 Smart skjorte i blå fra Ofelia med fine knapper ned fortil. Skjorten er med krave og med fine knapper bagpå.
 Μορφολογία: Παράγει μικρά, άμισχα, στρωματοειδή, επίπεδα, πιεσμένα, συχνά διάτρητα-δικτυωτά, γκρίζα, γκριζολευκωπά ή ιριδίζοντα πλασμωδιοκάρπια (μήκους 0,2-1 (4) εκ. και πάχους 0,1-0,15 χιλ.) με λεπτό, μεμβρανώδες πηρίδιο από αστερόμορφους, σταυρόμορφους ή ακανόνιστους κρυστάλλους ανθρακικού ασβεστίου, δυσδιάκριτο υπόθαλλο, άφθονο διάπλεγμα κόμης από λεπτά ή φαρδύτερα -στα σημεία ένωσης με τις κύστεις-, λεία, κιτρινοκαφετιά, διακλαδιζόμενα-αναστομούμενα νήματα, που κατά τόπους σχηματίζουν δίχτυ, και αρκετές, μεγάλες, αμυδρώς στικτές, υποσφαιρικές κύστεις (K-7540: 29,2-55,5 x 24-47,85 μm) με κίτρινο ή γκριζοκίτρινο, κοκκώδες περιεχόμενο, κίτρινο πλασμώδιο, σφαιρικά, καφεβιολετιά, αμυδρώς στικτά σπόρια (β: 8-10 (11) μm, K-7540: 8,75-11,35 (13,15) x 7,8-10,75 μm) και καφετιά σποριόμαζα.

==

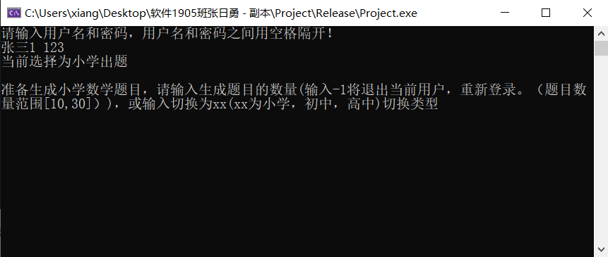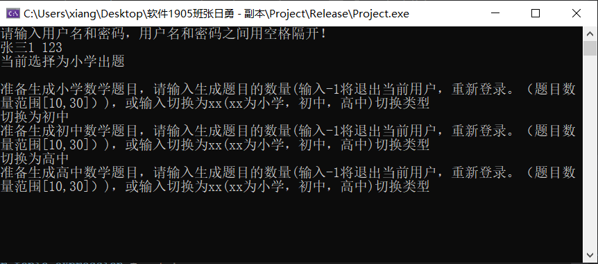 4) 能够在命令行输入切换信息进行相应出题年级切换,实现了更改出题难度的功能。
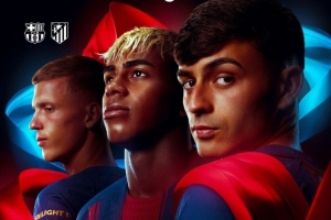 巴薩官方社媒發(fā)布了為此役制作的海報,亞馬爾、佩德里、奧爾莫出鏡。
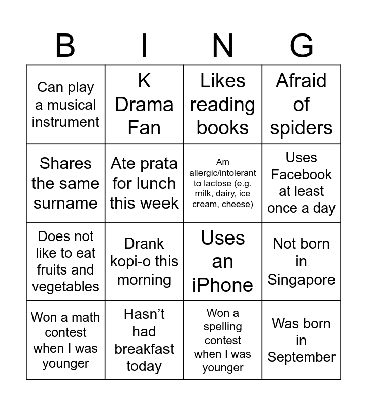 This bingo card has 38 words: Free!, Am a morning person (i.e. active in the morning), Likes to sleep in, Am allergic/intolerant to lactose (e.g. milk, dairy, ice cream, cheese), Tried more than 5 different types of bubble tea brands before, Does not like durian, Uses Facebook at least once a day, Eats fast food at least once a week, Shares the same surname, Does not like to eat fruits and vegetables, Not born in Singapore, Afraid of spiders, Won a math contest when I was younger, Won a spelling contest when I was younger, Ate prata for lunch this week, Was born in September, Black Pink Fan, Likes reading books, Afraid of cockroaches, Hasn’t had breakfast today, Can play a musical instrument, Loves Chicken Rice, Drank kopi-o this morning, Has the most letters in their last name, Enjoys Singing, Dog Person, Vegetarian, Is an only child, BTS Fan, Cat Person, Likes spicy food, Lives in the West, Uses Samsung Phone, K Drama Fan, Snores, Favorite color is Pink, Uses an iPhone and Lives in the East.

§ WORK TO COMPLETE
Could you write out exactly the lines of the data above that run from the one holding "4) 能够在命令行输入切换信息进行相应出题年级切换,实现了更改出题难度的功能。" to the one holding "巴薩官方社媒發(fā)布了為此役制作的海報,亞馬爾、佩德里、奧爾莫出鏡。", with both ends in and all pictures out?

§ ANSWER SECTION
 4) 能够在命令行输入切换信息进行相应出题年级切换,实现了更改出题难度的功能。
 巴薩官方社媒發(fā)布了為此役制作的海報,亞馬爾、佩德里、奧爾莫出鏡。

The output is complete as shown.